This is pretty fun: https://github.com/dbohdan/sqawk
i think i want the opposite of this: let me use awk on my database 😆
I think PostgreSQL probably would let you plug that in haha
and actually, languages in the K family are basically THAT, and are used in finance land
K is wild
oh man that's a wild and great idea hahaha
and i never thought of awk as being like an array language
but in a way it kind of is
that's interesting too
I believe there's some kind of family tree relationship between Awk and APL, but maybe I am misremembering?
i'm not aware of one. i usually think of AWK as being an offshoot of the C/Unix development ecosystem
and I think of APL as its own distinct lineage
unless Iverson was connected to Bell Labs or something like that?
Indeed, Bell Labs is I guess the root of my memory here.
Both vectorized over interesting collections, both funky terse syntax, but I guess no direct ancestry.
yeah i never thought of AWK as vectorized
it's maybe a bit of a stretch but i think it's fair
Interesting, to me it's always been the vector tool kinda, just with lines as the default 'first class citizen'
Also with jq though I guess JSON top-levels can be {} as well as []
i was actually thinking about awk for the first time in a while today because there was a lobsters thread about the sam editor, and some of the commenters brought up awk
JSON top-levels can also be 1 and null
IMO this is a valid interpretation of the spec but not the only one.
Are there parsers that don’t?
Python’s does: #bot-commands message
Yeah, though maybe they are all old ones nobody uses anymore.
But I've run into more than one where {} and [] were the only valid toplevels, especially early ones to support 'streaming' processing modes.
I actually like that interpretation because IMO if you just want a number, use a different format
and same with null, what's the point of having a text file with 32 bytes to say null?
Anything that isn't an object or a list of things is degenerate IMO
they should have chosen nothingheretoseemovealong instead of null to save space in the repr.
mu would have been 1000x cooler.
It's one of those things where the spec imposes basically an arbitrary restriction that in practice costs everyone nothing to support
And while normally supporting something off spec opens up a risk of incompatibility across implementations, this one is so ambiguous it's hard to argue with not implementing it just as a courtesy to users
Postel's law and all
I feel the same way about comments, or at least line comments. But apparently that opinion is not widely shared enough to get the same treatment
IMO twice as many root node cases is not "nothing".
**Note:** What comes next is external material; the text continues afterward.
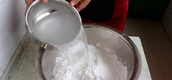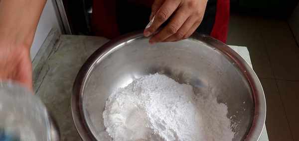 1、首先盆裡加入一碗澄粉,再加入少量的土豆淀粉
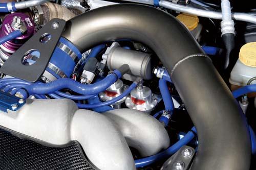 發(fā)動(dòng)機(jī)室中除了顯眼的Cosworth 進(jìn)氣岐管外,巨大的HKS T04Z渦輪機(jī)更是相當(dāng)顯眼,而為了隔絕發(fā)動(dòng)機(jī)室內(nèi)的熱源,手工碳纖維集氣箱更是可以直接出售了啦 |

I guess but it's not like they're additional container types
While we are still kind of on the topic of AWK, you know what feature is amazing and should be in every database and data frame library? Snowflake match_recognize
It's regex for rows
It's an absolutely amazing feature
And it's something I personally have wanted for such a long time
Once I wanted it so badly that I almost resorted to manually translating row patterns to strings so I could run a regex search on it
I guess it's not that useful for transactional data
But for analytics, oh man
I love some of Snowflake’s ideas for sure. I never managed to get the performance I needed out of it, but I think they have great product ideas
What was the workload where you struggled with performance?
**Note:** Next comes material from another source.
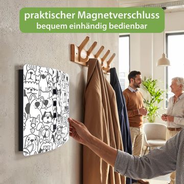 Funktion / Nutzen: Die leicht geschwungene Edelstahltür ist mit einer hochwertigen Motivfolie und dem Motiv Motiv Lustiges Hundemuster kaschiert. Ein praktischer Magnetverschluss ermöglicht Ihnen ein schnelles Öffnen und Schließen. Befestigt wird der Schlüsselkasten an 2 Stellen auf der Rückseite, passendes Montagematerial fügen wir bereits bei.

It definitely has some challenges when it comes to performance optimization
they keep coming out with various solutions for various cases, but sometimes you just have to deal with the fact that there are no indexes and your only optimization tool is clustering, which is not conceptually that different from dumb hive partitioning
But I'm curious what other peoples struggles are because I'm sure they are not the same as mine
I’m struggling to remember exactly, but what I can reveal of the application was a pretty scaled-up Dask Cloud-based worker setup, where we had a temporary very fast MySQL as working space, and were every morning trying to compute our “financial graph” data into “pre-computed” form so that the kinds of common answers our customers wanted didn’t have to be calculated on the fly. Lots of data though, $5T of financial records.
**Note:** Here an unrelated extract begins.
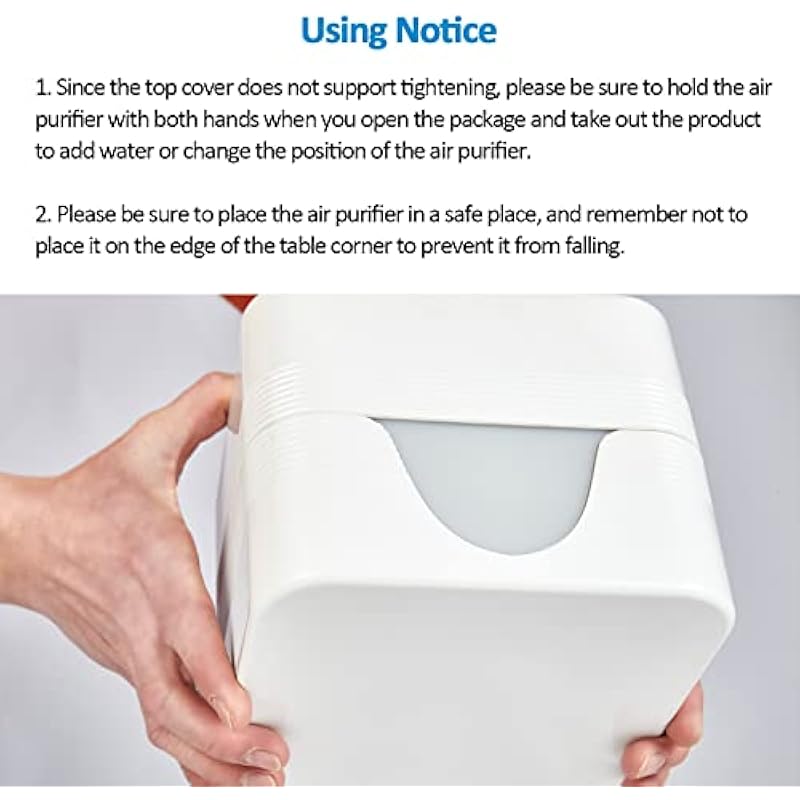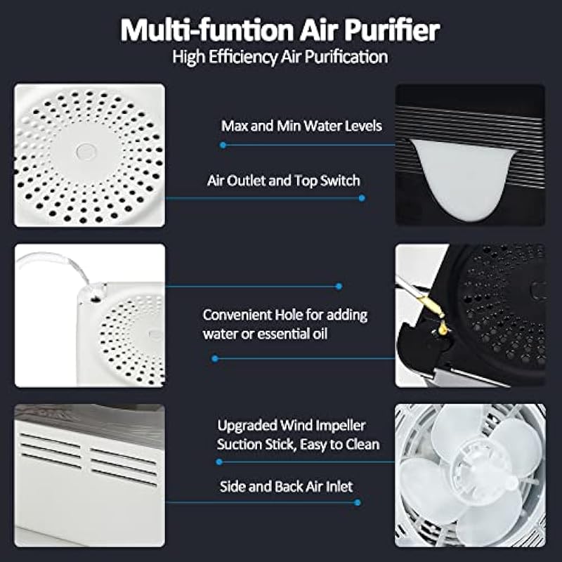 - Material: The top cover and tank housings are made of high-quality ABS. Made with BPA FREE material, can be used with confidence. And you can add a few drops of essential oils into the air purifier, turn stale, dirty air into fresh scented air. Easy to Clean: 1300ml capacity, just need to clean the bottle every day.

I think it was around how long Snowflake was taking to ingest that, but I might be misremembering and it was the other way around, getting it back out? I do like their security model and ability to “share” data with customers.
That's an interesting case. Getting data in and out is definitely not the fastest
It's like Spark in that regard
The slowest thing you can do is move lots of data around
Yeah definitely a weird application, pushing a lot of limits to get inside the necessary “pre-trade” T+1 window, which is why I don’t go around saying Snowflake is bad. I would still use it for a lot of stuff.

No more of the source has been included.